Электронная библиотека » Ханс Бер » » онлайн чтение - страница 9


  • Текст добавлен: 29 марта 2024, 07:44


Автор книги: Ханс Бер


Жанр: Биографии и Мемуары, Публицистика


Возрастные ограничения: +16

сообщить о неприемлемом содержимом

Текущая страница: 9 (всего у книги 27 страниц) [доступный отрывок для чтения: 9 страниц]

Шрифт:
- 100% +

Вальтер Вебер, выпускник средней школы, Хольцмюнден

Родился 3 августа 1921 г. в Веймаре, погиб 3 сентября 1942 г. под Эль-Аламейном, Северная Африка


Отступление из Москвы, 9 января 1942 года

Постоянно меняем дислокацию: сначала огневая позиция здесь, а завтра – уже в другом месте. Извечная борьба за технику и за топливо, а затем, когда есть и то и другое, то – с дорогами и той же техникой, которая вечно ломается: то двигатель откажет, то забуксует и застрянет в снегу, то вообще сойдет с дороги. Но не хочется думать обо всем этом в столь прекрасный час, который должен принадлежать лишь нам двоим. У нас и без того хватает забот. Хочу показать тебе другую, более примечательную сторону этой страны.

Снега везде – по колено! На деревянных избах с высокими крышами красуются огромные белые шапки. Над широкими заснеженными просторами простирается звездное небо, такое чистое, какого мы у себя в Германии не видели. Когда проходишь ночью по широкой деревенской дороге, то замечаешь у домов фигуры часовых в капюшонах.


Вассербург, 3 марта 1942 года

Два месяца зимней войны в России – испытание, которое накладывает на меня тяжелый отпечаток. Однако за время моего лечения многое изменилось к лучшему. Четыре недели провалялся в военном госпитале под Смоленском, затем приехал сюда. Снова страдаю, потому что толком не знаю, зачем я ем, пью и сплю. Но все еще изменится. Сейчас тихий полдень, лишь где-то далеко на севере грохочет артиллерия. И так происходит каждый раз, из-за жары бои немного утихают, если не прекращаются полностью. При этом мало что видно, потому что все окрестности начинают исчезать в мерцающем свете.

Мы по-прежнему находимся на том же плоскогорье. Возможно, лучший для тебя способ получить какое-то представление об этом – вспомнить обрывистые берега на Балтийском море. Края плоскогорья выглядят здесь примерно такими же. Породы сильно выветрились, так что обычно их можно разбить рукой. Но это лишь на поверхности. Камни, лежащие несколько глубже, представляют собой невероятно твердую, чаще всего даже сплошную породу, и это затрудняет обустройство наших огневых позиций.

Рано утром обычно еще прохладно.
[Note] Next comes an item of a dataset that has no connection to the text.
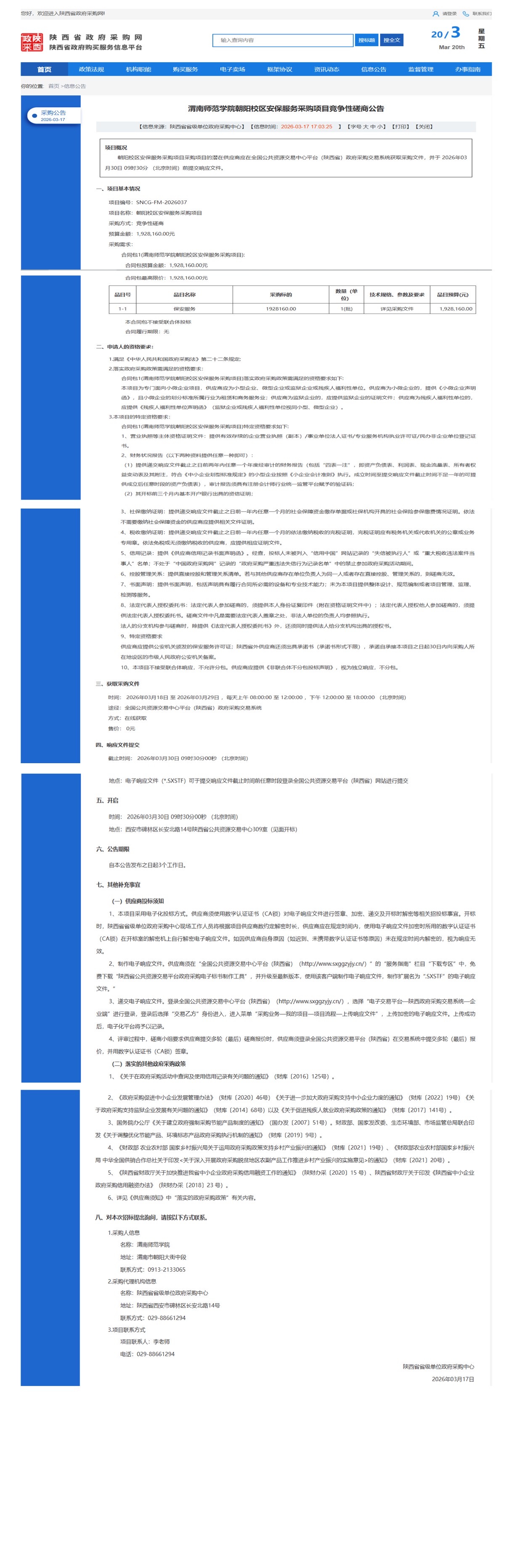 渭南师范学院朝阳校区安保服务采购项目竞争性磋商公告

Когда восходит солнце, земля наполняется необыкновенной чистотой. Из-за влажности воздуха видимость поистине невообразимая, и все тени резко и мрачно выделяются на блестящей песчаной земле. Около восьми или девяти часов солнце начинает палить нещадно, а затем поднимается почти вертикально над головой, так что мы почти не отбрасываем тени.

В тихие вечерние часы мечтаю о далекой родине, стремлюсь отыскать в этих мыслях тебя и спросить, каково там тебе в этой отважной борьбе за нас обоих. Но даже в трудный час мы не падем духом, крепко возьмемся за руки и будем с верой и надеждой смотреть в будущее.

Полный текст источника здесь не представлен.